*** Opening of Available data ***

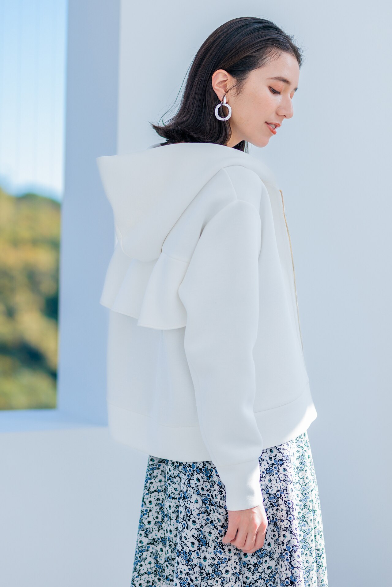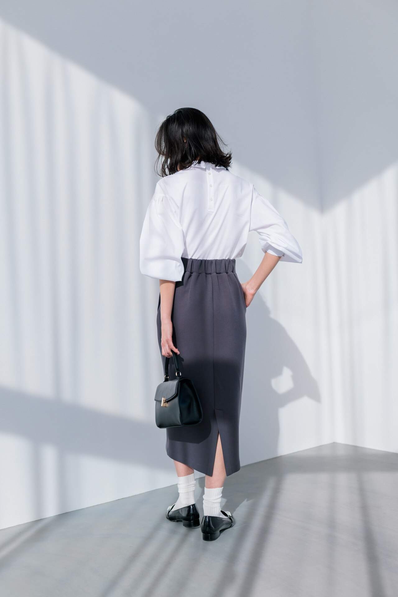 スフレのようなやさしいもちふわ着心地のダンボール生地。程よいボリュームがありとても軽い素材です。程よい生地の肉感が体のラインを拾わず、リラックスして着ていただけます!同素材アイテムと合わせたセットアップ着用がおすすめです。
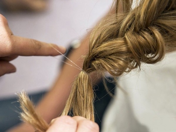 点击大图看下一张:12、完成后,从两侧拉过一些头发在你的耳后,固定在辫子上方。
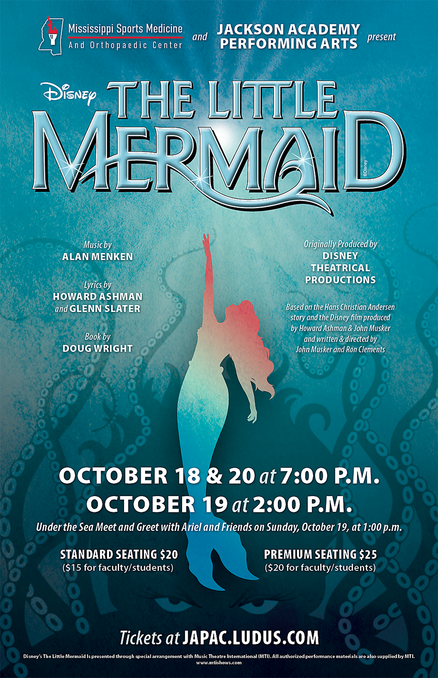 Don’t miss this unforgettable theatrical experience! Purchase tickets for The Little Mermaid and the Meet and Greet at japac.ludus.com.
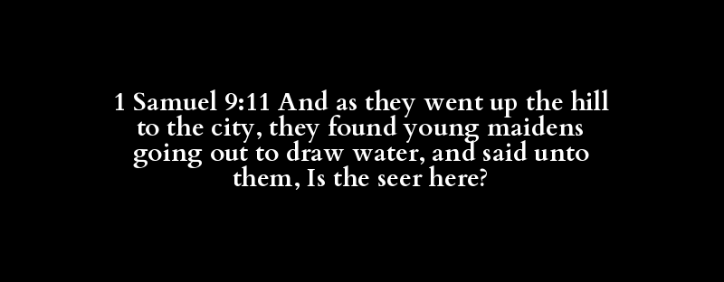 1 Samuel 9:11 And as they went up the hill to the city, they found young maidens going out to draw water, and said unto them, Is the seer here?

*** Close of Available data ***

Exercise brief.
Exactly as written, restate the lines from the one that contains "点击大图看下一张:12、完成后,从两侧拉过一些头发在你的耳后,固定在辫子上方。" through the final line of the data, both ends included, but leave out the pictures.

Result.
 点击大图看下一张:12、完成后,从两侧拉过一些头发在你的耳后,固定在辫子上方。
 Don’t miss this unforgettable theatrical experience! Purchase tickets for The Little Mermaid and the Meet and Greet at japac.ludus.com.
 1 Samuel 9:11 And as they went up the hill to the city, they found young maidens going out to draw water, and said unto them, Is the seer here?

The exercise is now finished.